Finequities product demo

What the Product Actually Did

Finequities was not a single-feature trading app. It blended execution, social proof, and personalization in one user flow so discovery and allocation could happen in the same interface.

  • Commission-free stock and ETF trading, with public materials also referencing select cryptocurrency access.
  • Social graph mechanics: investor profiles, following, discussion, and sentiment-oriented community signals.
  • Public portfolio leaderboards ranked by return percentages rather than visible dollar balances.
  • Copy-portfolio workflows designed to let users allocate proportionally to another investor strategy.
  • AI recommendations positioned around risk profile, goals, and portfolio context rather than static watchlists.

My Technical Scope

I worked across product surfaces and platform plumbing. The fastest way to explain my contribution is by ownership zones:

  • Portfolio replication logic: copy-portfolio execution paths and proportional allocation behavior.
  • Discover and ranking surfaces: trending investors, trending assets, and curated stock-group experiences.
  • Social subsystem rebuild: profiles, posts, comments, likes, and followers/following graph behavior.
  • Growth mechanics: referral flow with deep-link routing to major messaging channels.
  • Developer operations and velocity: TypeScript migration from legacy JavaScript, screen-level architecture cleanup, and release workflow improvements (including OTA update practices).

Team and Delivery Context

The core team was small: two full-time developers, one project manager, and one UI/UX designer. With a lean team and broad scope, speed depended on disciplined separation of concerns, rapid handoff loops between design and engineering, and aggressive prioritization of features tied directly to user behavior.
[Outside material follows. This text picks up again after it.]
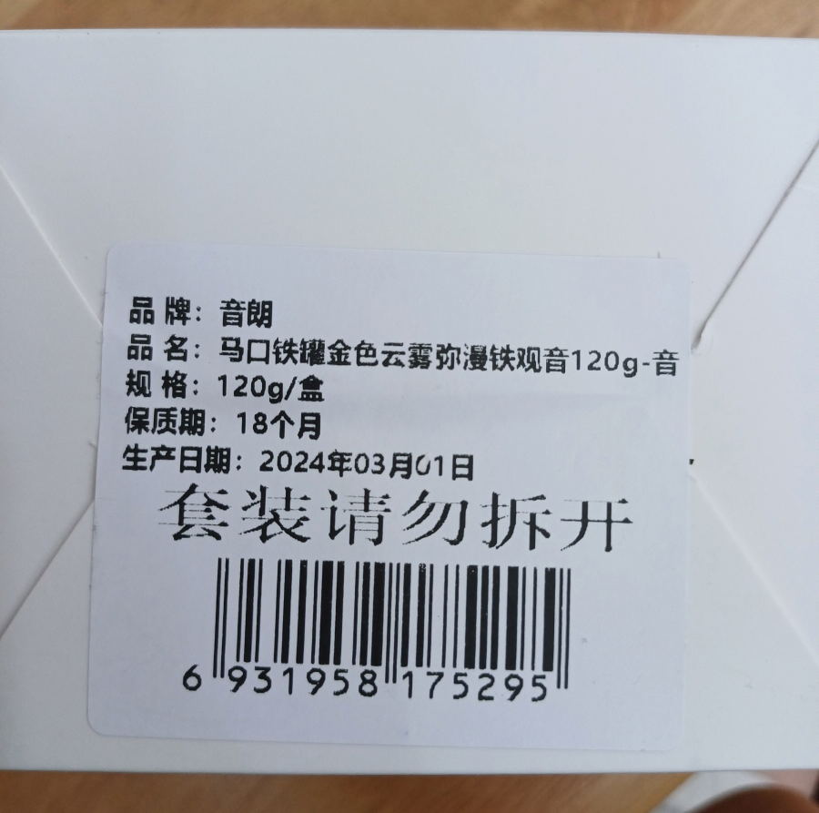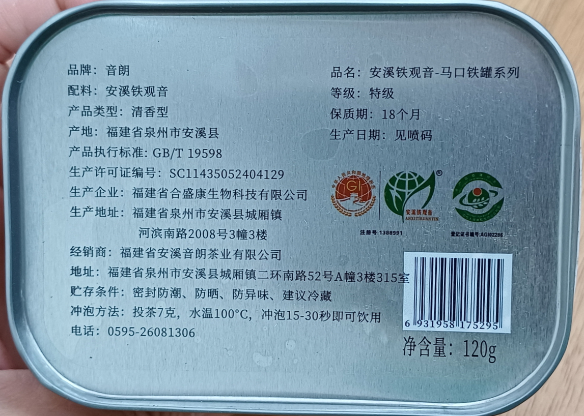 제품 하단에는 상품 정보들이 적혀 있었으며, 생산지역을 살펴보니 확실히 천주시(泉州市) 안계현(安溪县)으로 되어 있는 것으로 보아 안계철관음이 확실히 맞았다.

Architecture Signals from Public Evidence

Public artifacts indicate a mobile architecture centered on React Native clients with brokerage, AI, and onboarding partners layered into the stack:

  • Mobile frontend: React Native for iOS and Android.
  • Trading backbone: ViewTrade announced as brokerage/technology partner (July 6, 2023).
  • Conversational onboarding: Bitext Copilot case study references GPT-backed onboarding flows (February 22, 2024).
  • Finance integrations: bank-account linking plus multi-asset portfolio surfaces in production releases.
  • Admin visibility: internal web dashboard work to track function performance and operational health.
Architecture Evidence
ViewTrade Announcement
Bitext Case Study

Maturity and Market Signals

Timeline Compression (2018 to 2026)

Distribution and Monetization Signals

Regulatory Caveat (Material)

As of April 17, 2026, the most material diligence item is regulatory status. A Federal Register notice states SEC intent to cancel registrations of certain advisers and includes Finequities LLC. The listed hearing-request deadline was May 11, 2026. This is a notice of intent, not by itself a final fraud finding, but it is significant and should be checked directly against current IAPD/SEC records before relying on older marketing claims about active registration.

Regulatory Source
Federal Register Notice

Bottom Line

Finequities was a serious full-stack fintech build with credible product depth: multi-asset trading flows, social investing mechanics, recommendation systems, and partner-backed brokerage infrastructure. The strongest public execution window appears in 2021 to 2024, with visible iOS continuity into 2025. The open regulatory question in 2026 is the key gating factor for any present-tense operating claims.